Work task = Every entry below must be retyped exactly, and the pictures must be left out.

Task material =
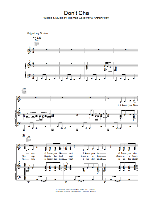 Download or print Pussycat Dolls Don't Cha sheet music, chords and digital score arranged for Piano, Vocal & Guitar Chords (Right-Hand Melody). This Pop score includes 5 page(s).
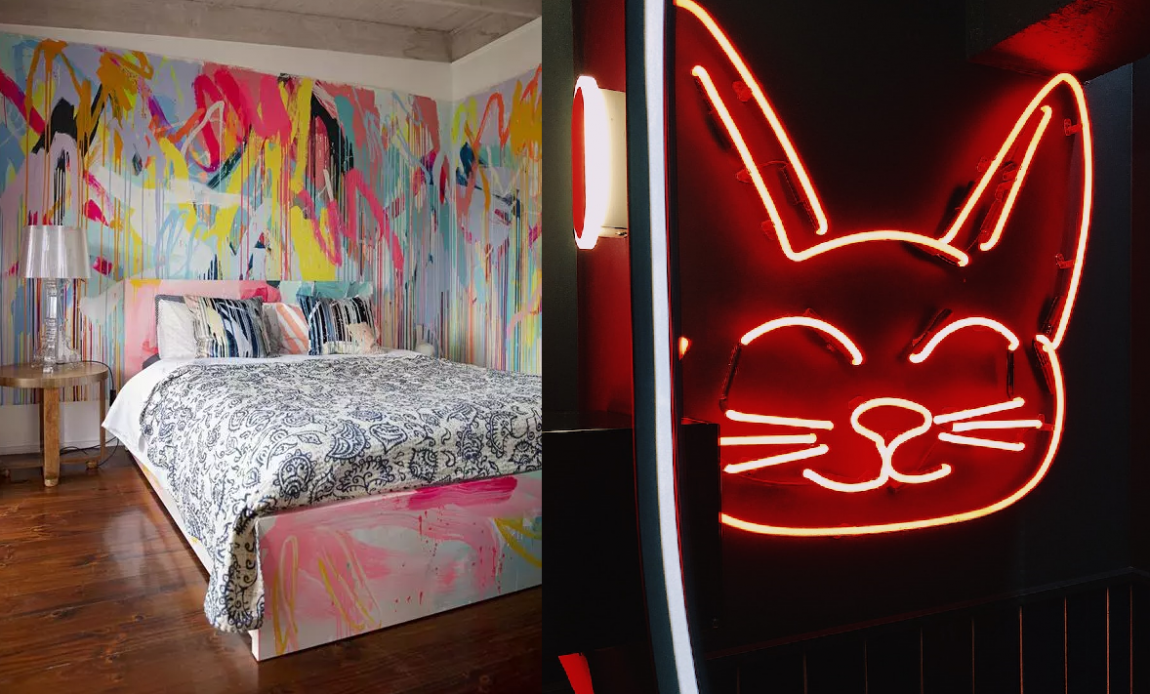 Контрастные обои, 3D или фотопечать можно заменить на яркое полотно. Неплохо смотрятся небольшие рисунки с блеском.
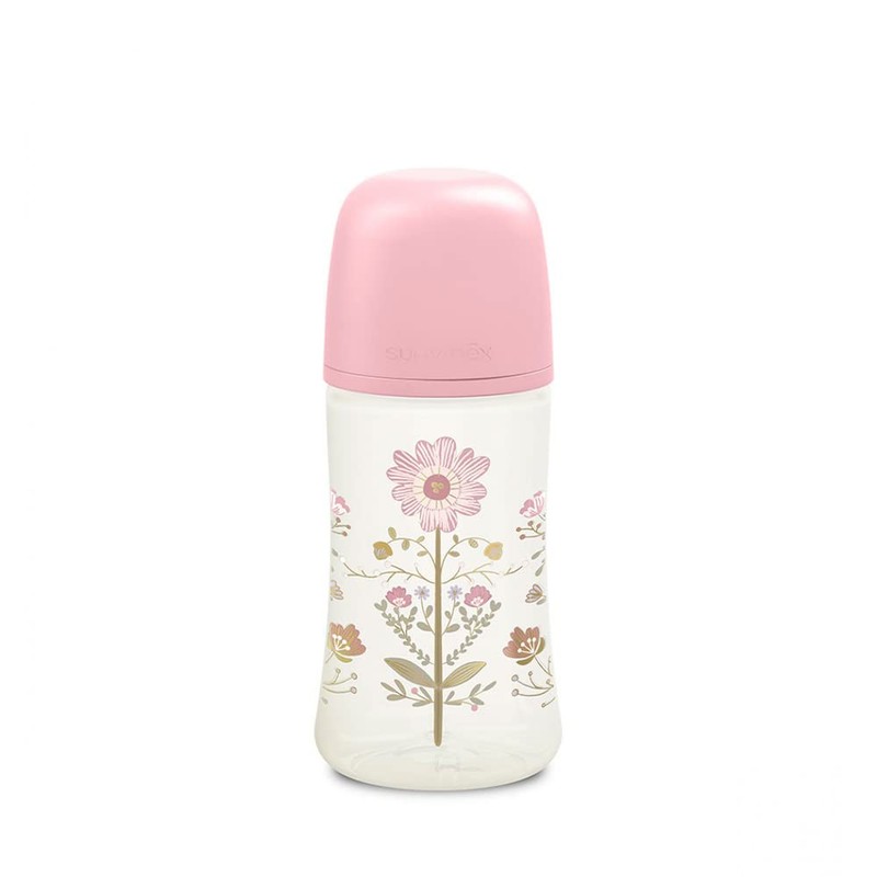 • The 270ml bottle is perfect for children aged 3 months and up. With symmetrical SX Pro medium flow teat. Its opening allows the passage of all types of medium density liquids. The new symmetrical SUAVINEX SX Pro teat is the ultimate step towards a more natural diet. Designed to respect the development of the child's oral cavity. The symmetrical SX Pro teat ensures that the tongue stays in the same natural position as the baby sucks on the breast.
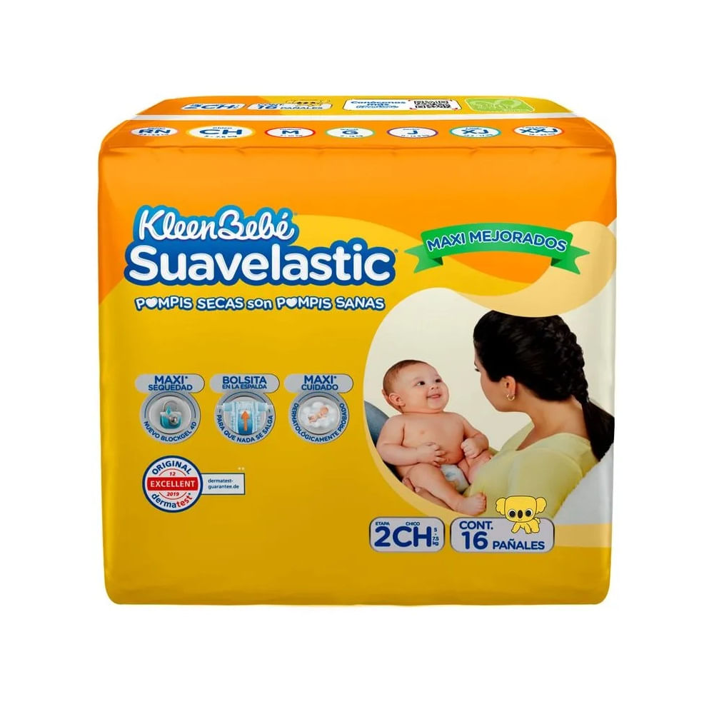 Pañal Kleenbebé Suavelastic chico 16 piezas
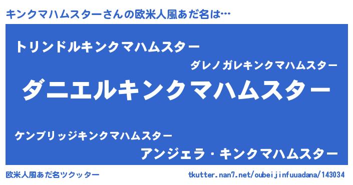 | 男性向けラノベタイトル風あだ名 | 『ノーゲーム・ノーキンクマハムスター』 |
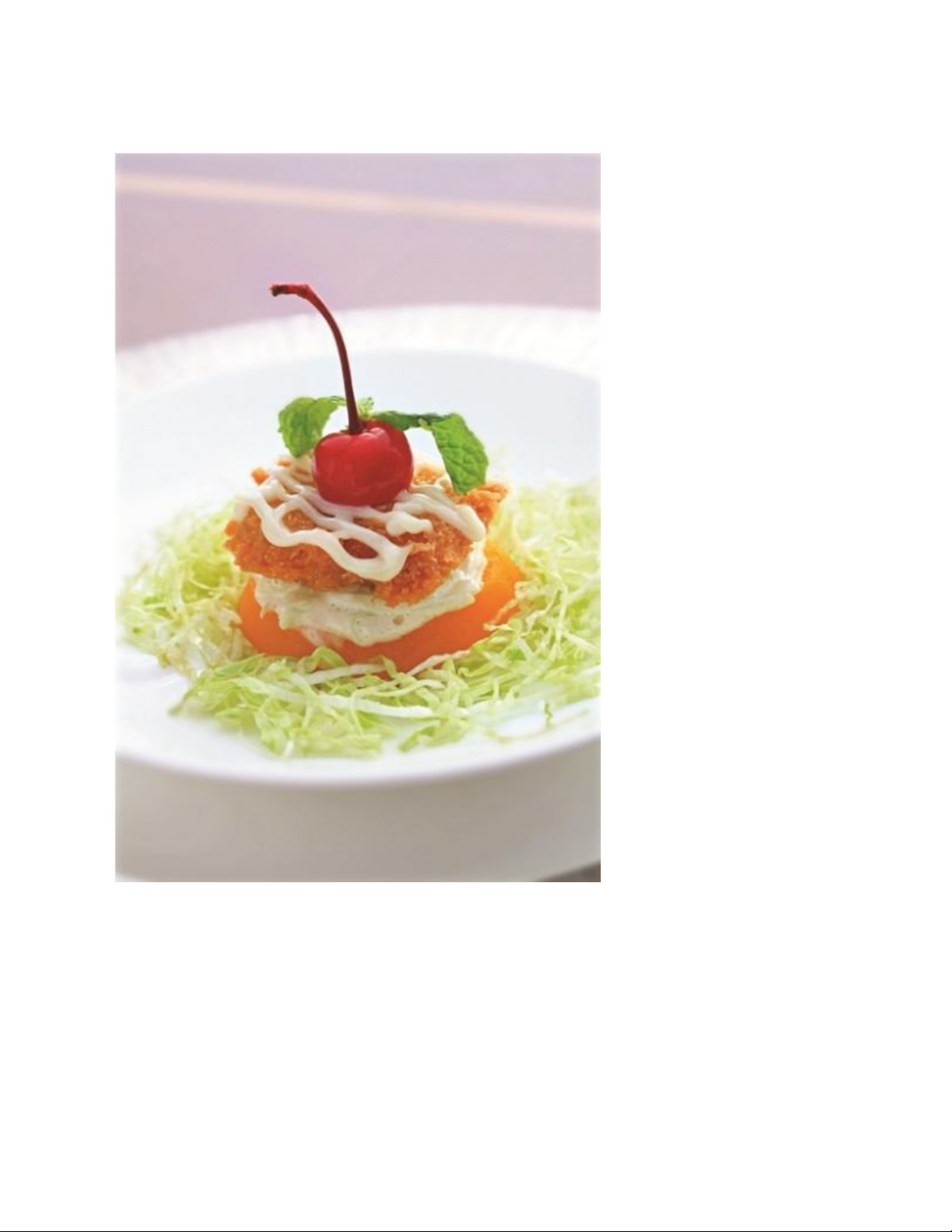 mayonnaise, trang trí trái sơ ri lên trên cùng với rau thơm. Trang trí salad dưa leo xung quanh.
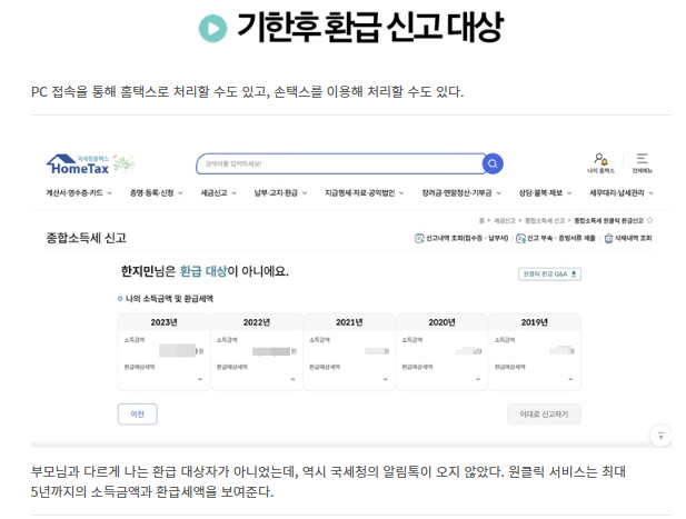 5년치 종합소득세 환급금을 '원클릭'으로 찾는 방법
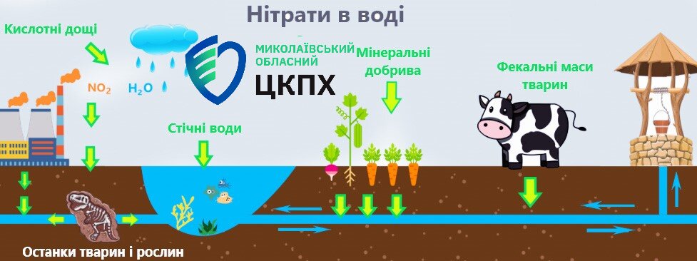 Багато людей думають, що вода зі свердловини або колодязя апріорі чистіше і здоровіше тієї, що тече з крана. Це далеко не так. Фахівці ДУ « Миколаївський ОЦКПХ МОЗ України» відзначають, що при аналізі води на нітрати, досить часто бракують як раз проби води з колодязів і свердловин. Також в зоні ризику і поверхневі джерела (ріки, озера).
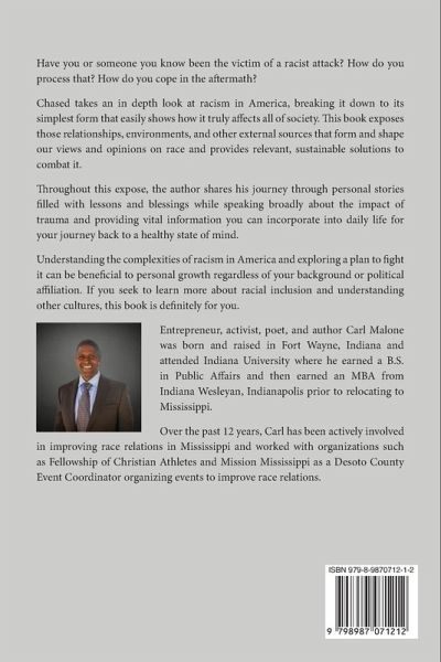 Have you or someone you know been the victim of a racist attack? How do you process that? How do you cope in the aftermath? Chased takes an in depth look at racism in America, breaking it down to its simplest form that easily shows how it truly affects all of society. This book exposes those relationships, environments, and other external sources that form and shape our views and opinions on race and provides relevant, sustainable solutions to combat it. Throughout this expose, the author shares his journey through personal stories filled with lessons and blessings while speaking broadly about the impact of trauma and providing vital information you can incorporate into daily life for your journey back to a healthy state of mind. Understanding the complexities of racism in America and exploring a plan to fight it can be beneficial to personal growth regardless of your background or political affiliation. If you seek to learn more about racial inclusion and understanding other cultures, this book is definitely for you. Entrepreneur, activist, poet, and author Carl Malone was born and raised in Fort Wayne, Indiana and attended Indiana University where he earned a B.S. in Public Affairs and then earned an MBA from Indiana Wesleyan, Indianapolis prior to relocating to Mississippi. Over the past 12 years, Carl has been actively involved in improving race relations in Mississippi and worked with organizations such as Fellowship of Christian Athletes and Mission Mississippi as a Desoto County Event Coordinator organizing events to improve race relations.
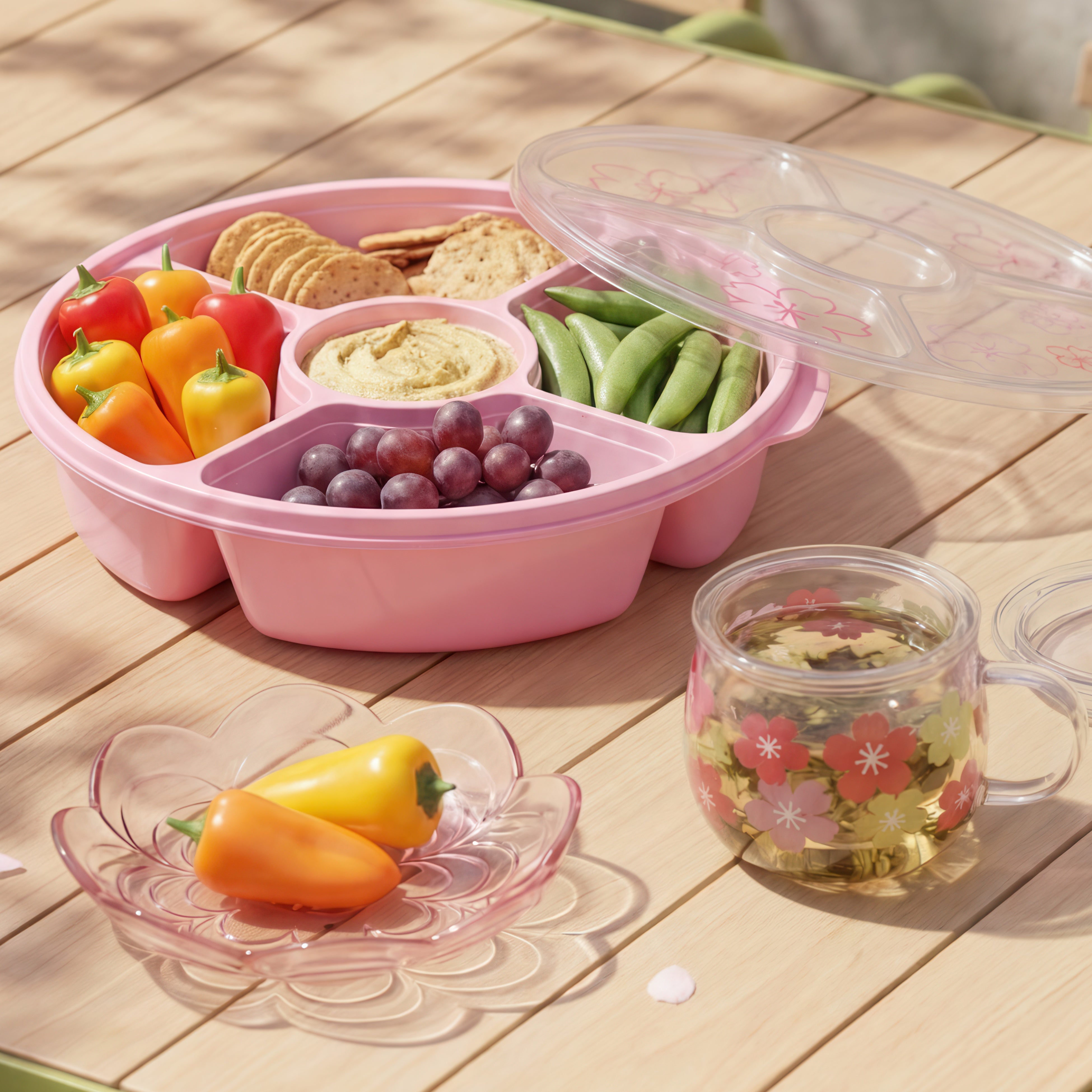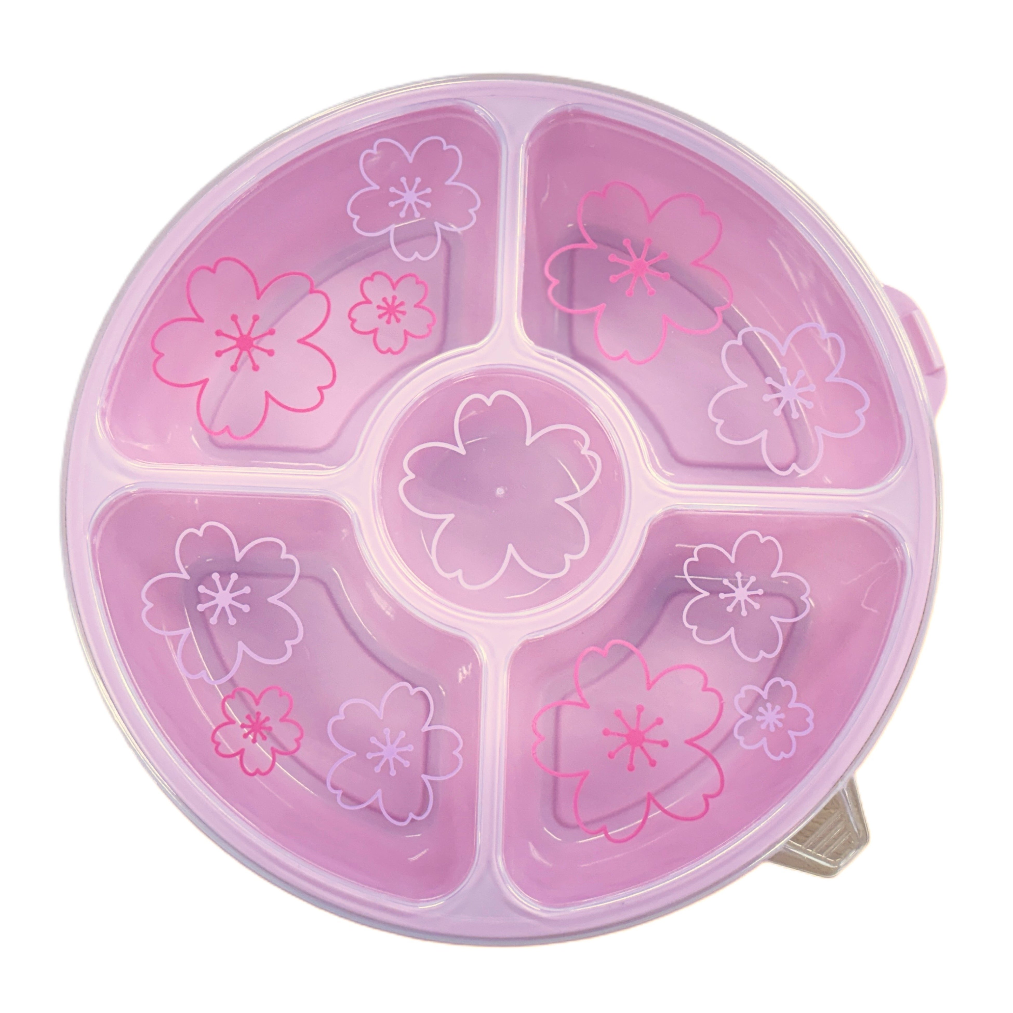 深さ6.5cm、直径27.5cmと大き目サイズのコンテナには、5つの仕切りが。たっぷりお惣菜やお菓子をつめこんで!

Your response =
 Download or print Pussycat Dolls Don't Cha sheet music, chords and digital score arranged for Piano, Vocal & Guitar Chords (Right-Hand Melody). This Pop score includes 5 page(s).
 Контрастные обои, 3D или фотопечать можно заменить на яркое полотно. Неплохо смотрятся небольшие рисунки с блеском.
 • The 270ml bottle is perfect for children aged 3 months and up. With symmetrical SX Pro medium flow teat. Its opening allows the passage of all types of medium density liquids. The new symmetrical SUAVINEX SX Pro teat is the ultimate step towards a more natural diet. Designed to respect the development of the child's oral cavity. The symmetrical SX Pro teat ensures that the tongue stays in the same natural position as the baby sucks on the breast.
 Pañal Kleenbebé Suavelastic chico 16 piezas
 | 男性向けラノベタイトル風あだ名 | 『ノーゲーム・ノーキンクマハムスター』 |
 mayonnaise, trang trí trái sơ ri lên trên cùng với rau thơm. Trang trí salad dưa leo xung quanh.
 5년치 종합소득세 환급금을 '원클릭'으로 찾는 방법
 Багато людей думають, що вода зі свердловини або колодязя апріорі чистіше і здоровіше тієї, що тече з крана. Це далеко не так. Фахівці ДУ « Миколаївський ОЦКПХ МОЗ України» відзначають, що при аналізі води на нітрати, досить часто бракують як раз проби води з колодязів і свердловин. Також в зоні ризику і поверхневі джерела (ріки, озера).
 Have you or someone you know been the victim of a racist attack? How do you process that? How do you cope in the aftermath? Chased takes an in depth look at racism in America, breaking it down to its simplest form that easily shows how it truly affects all of society. This book exposes those relationships, environments, and other external sources that form and shape our views and opinions on race and provides relevant, sustainable solutions to combat it. Throughout this expose, the author shares his journey through personal stories filled with lessons and blessings while speaking broadly about the impact of trauma and providing vital information you can incorporate into daily life for your journey back to a healthy state of mind. Understanding the complexities of racism in America and exploring a plan to fight it can be beneficial to personal growth regardless of your background or political affiliation. If you seek to learn more about racial inclusion and understanding other cultures, this book is definitely for you. Entrepreneur, activist, poet, and author Carl Malone was born and raised in Fort Wayne, Indiana and attended Indiana University where he earned a B.S. in Public Affairs and then earned an MBA from Indiana Wesleyan, Indianapolis prior to relocating to Mississippi. Over the past 12 years, Carl has been actively involved in improving race relations in Mississippi and worked with organizations such as Fellowship of Christian Athletes and Mission Mississippi as a Desoto County Event Coordinator organizing events to improve race relations.
 深さ6.5cm、直径27.5cmと大き目サイズのコンテナには、5つの仕切りが。たっぷりお惣菜やお菓子をつめこんで!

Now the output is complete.